Why Dickson Matters in This Game
Dickson is not noise.
He is:
A former Rep Member
A former governor
A serving senator
A political bridge between South-South, PDP legacy structure, and national reformist thinking
More importantly, he is not trapped in the internal contradictions consuming:
PDP
Labour Party
NNPP
ADC
He represents something rare in Nigerian politics today:
Mobility without baggage.
The NDC Card: Underrated, But Strategic
At first glance, the NDC looks like a minor card.
But in Whot, the last card is rarely the loudest—it is the most timely.

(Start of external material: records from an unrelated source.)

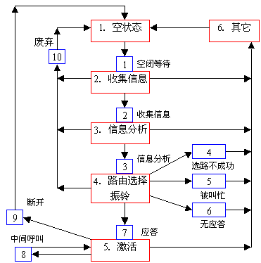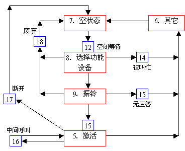 以上步驟是正常情況的呼叫處理過程,而呼叫往往因出現(xiàn)異常而不能順利地進(jìn)行,如主叫在通話前中途掛機(jī)、久不撥號(hào)、被叫忙、被叫久不摘機(jī)等都屬于異常情況。
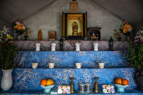 | 堂内に祀られている馬頭観世音菩薩と弘法大師。 |
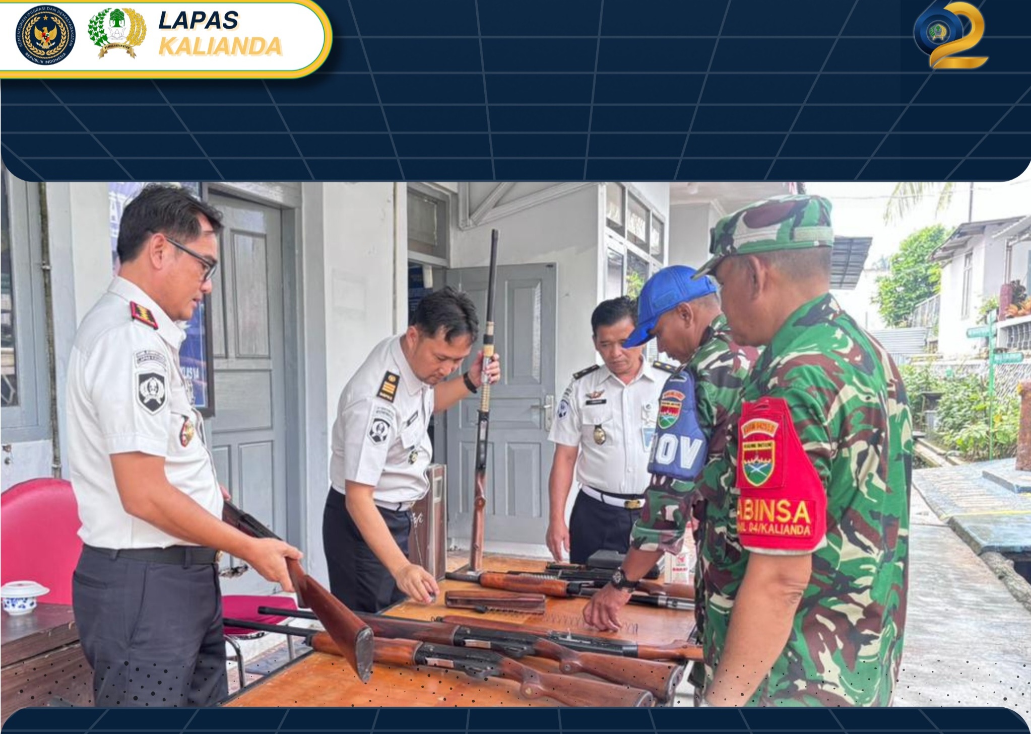 Kalianda, Transpos.id. – Lembaga Pemasyarakatan Kelas IIA Kalianda bekerjasama dengan Kodim 0421 Lampung Selatan melaksanakan kegiatan perawatan dan pemeliharaan senjata api inventaris yang dipimpin langsung oleh Kepala Lapas Kalianda sebagai bagian dari upaya menjaga kesiapsiagaan pengamanan di lingkungan Lapas (28/4).

Consider the vote arithmetic in 2023 elections:
Over 6 million Obi voters—disillusioned, searching
Over 1.5 million Kwankwasiyya base—strong, but nationally limited
Over 7 million PDP votes upon a sturdy structure is fragmented but not extinct
What they lack is not numbers but espirit de corps
What they yearn for is a vehicle.
The Proposition: NDC is the Vehicle?
This is where the Dickson card becomes alluring.
The NDC offers:
A clean legal platform
Room for coalition architecture
Flexibility for new alignments
In a political environment clogged with:
Court cases
factional leadership
legitimacy battles,
clean structure becomes strategic advantage.

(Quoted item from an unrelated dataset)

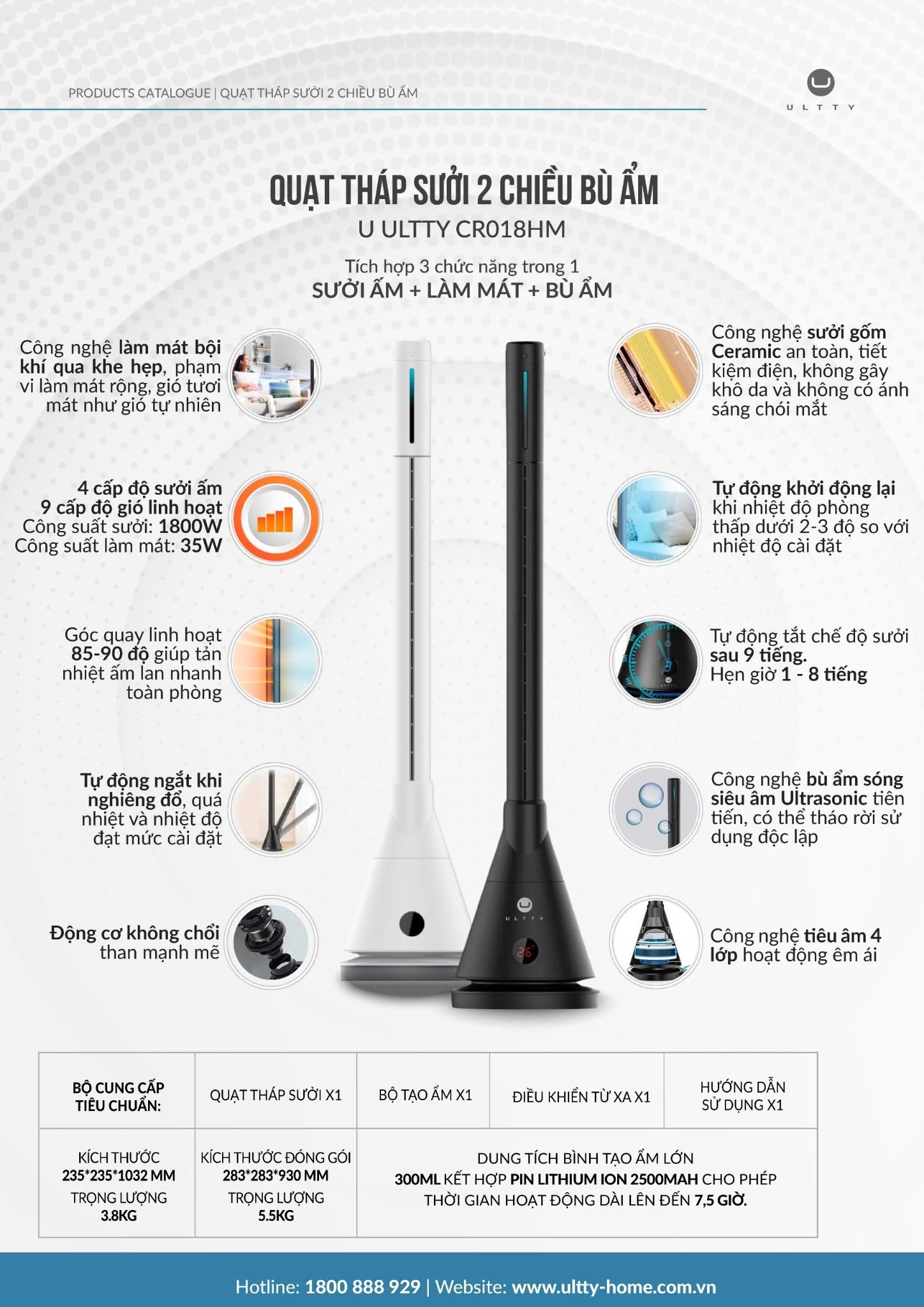 • Công nghệ bù ẩm sóng siêu âm Ultrasonic tiên tiến đem đến hơi ẩm siêu nhỏ mịn
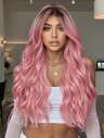 Rolig och moderiktig 24-tums guldfärgad lång vattenvågig hår med lugg värmebeständig syntetisk peruk för kvinnor för cosplay, Halloween-kostymer, het

The Bus Metaphor: Politics Needs Conductors
Structure alone is not enough.
Politics, like public transport, needs:
Drivers (leaders)
Conductors (mobilisers)
Passengers (voters)
Right now:
The stranded passengers at cited bus stops are no longer stranded but waiting at the bus stop.

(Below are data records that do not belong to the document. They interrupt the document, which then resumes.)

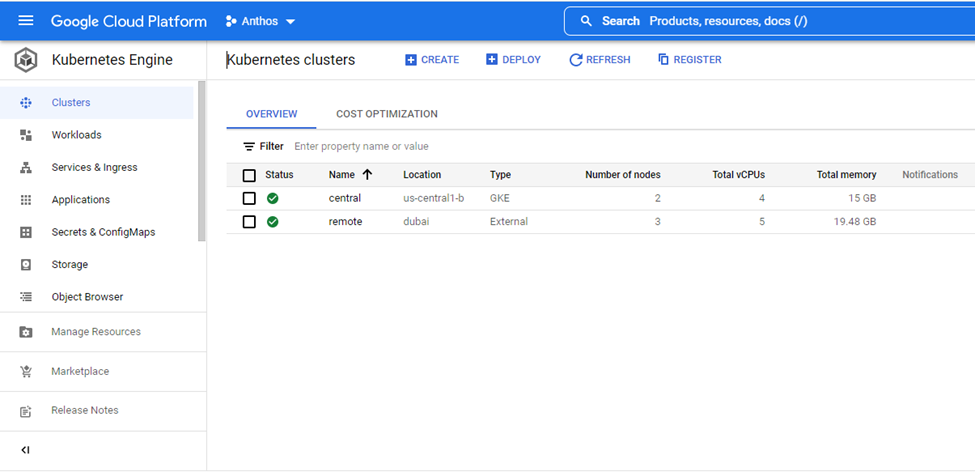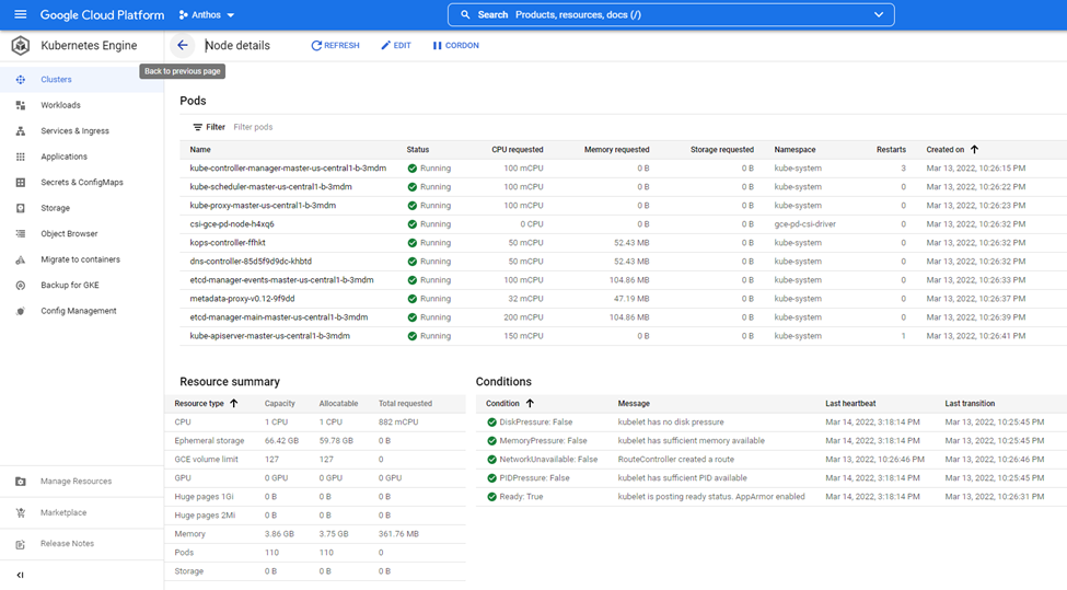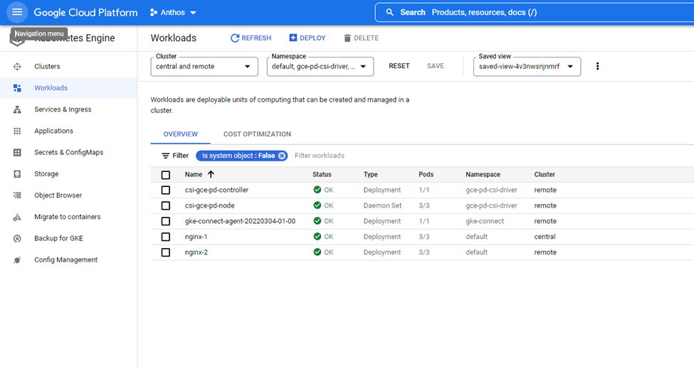 After completing the Anthos on vSphere deployment, the Kubernetes cluster can be managed from the GCP portal. The following screenshots highlight the system deployment from the GCP portal.
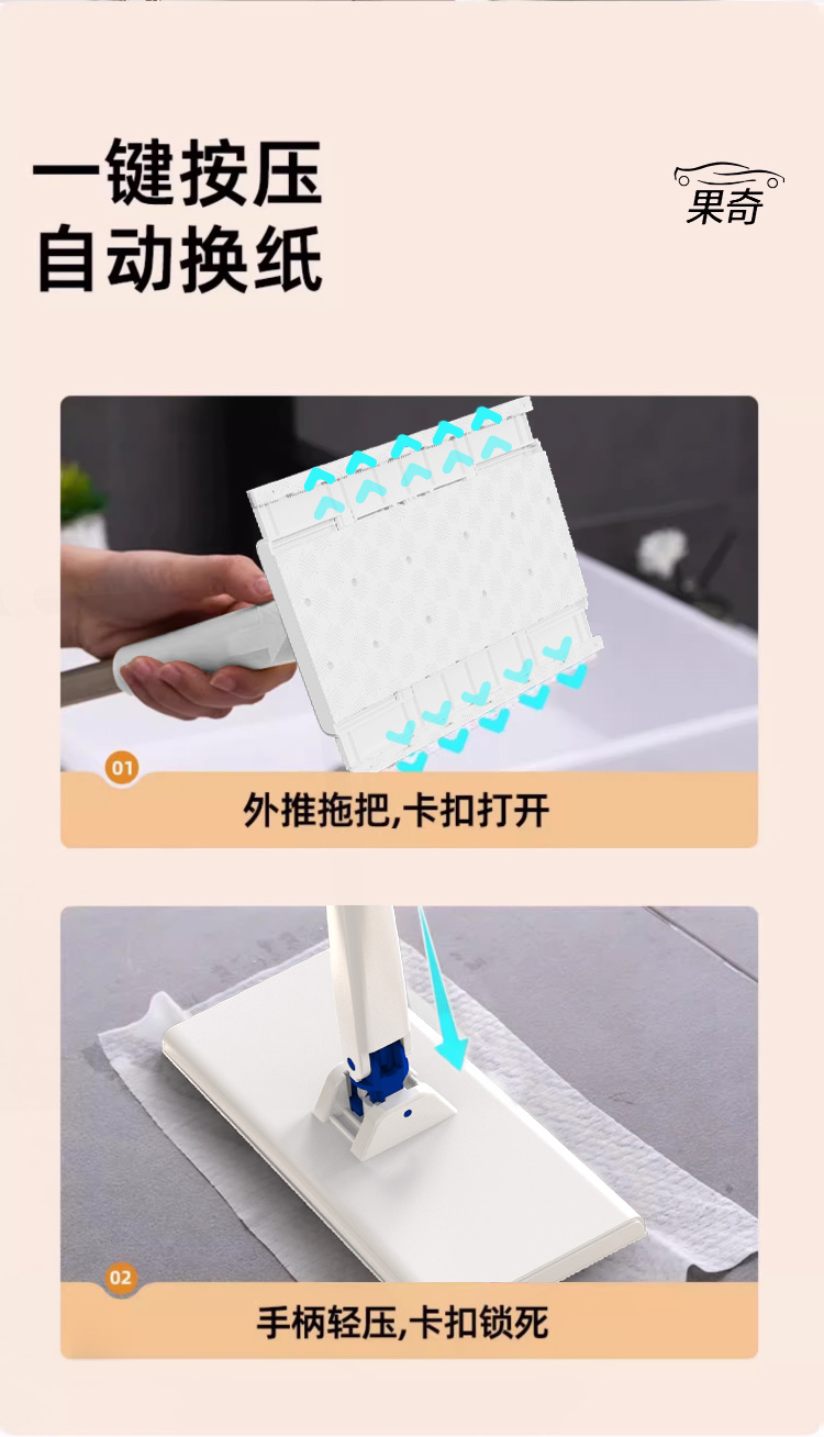 静电除尘纸拖把免手洗夹抹布拖地家用神器洗脸巾二次利用懒人拖把
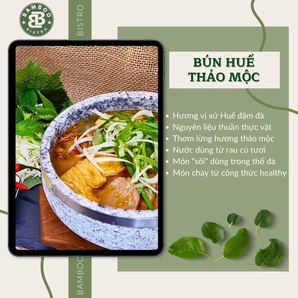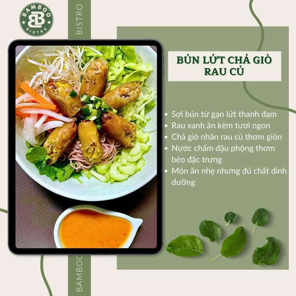 搜索关键词 vegetarian restaurant, healthy food, Bamboo Bistro, vegan cuisine, Vietnamese food优势 Healthy recipes and calculated nutrition,Fresh ingredients and oil-free preparation methods,Unique dining experience engaging all five senses,Diverse menu with various cooking styles

Negotiation is on for the driver in providence.
Of course, a bus is needed to move the passengers.
Then Dickson showed up to say, here is a brand new luxurious bus !
When the NDC becomes that bus …,
Then the conductors must move fast.
APC’s Likely Reaction
The APC will not ignore the luxurious bus.
Expect:
1. Early Disruption
Infiltration
Internal fractures
Leadership contests
2. Narrative Control
Framing NDC as weak or irrelevant
Undermining its credibility early
3. Strategic Co-option
Pulling key figures away
Offering incentives to fragment alignment
Because APC understands one thing:
Opposition divided is victory guaranteed.
Opposition aligned is a real contest.
The Real Question: has the Last Card ever failed to win the Game?
The emergence of NDC may not guarantee victory.
But it changes the game from:
Predictable → Competitive
Fragmented → Potentially aligned
The real work now is not theory.
It is execution.
Final Analysis: The Game Is Not Over
For those who thought 2027 was already decided—Kano says otherwise.
The table is shifting.
The players are rethinking.
And somewhere between Kwankwaso’s base, Makinde’s structure, and Dickson’s quiet calculation…
A new possibility is forming.
Closing Line
In the game of power, it is not the number of cards you hold—it is the one you play last. And with the NDC on the table, Nigeria’s 2027 game may have just found its missing move.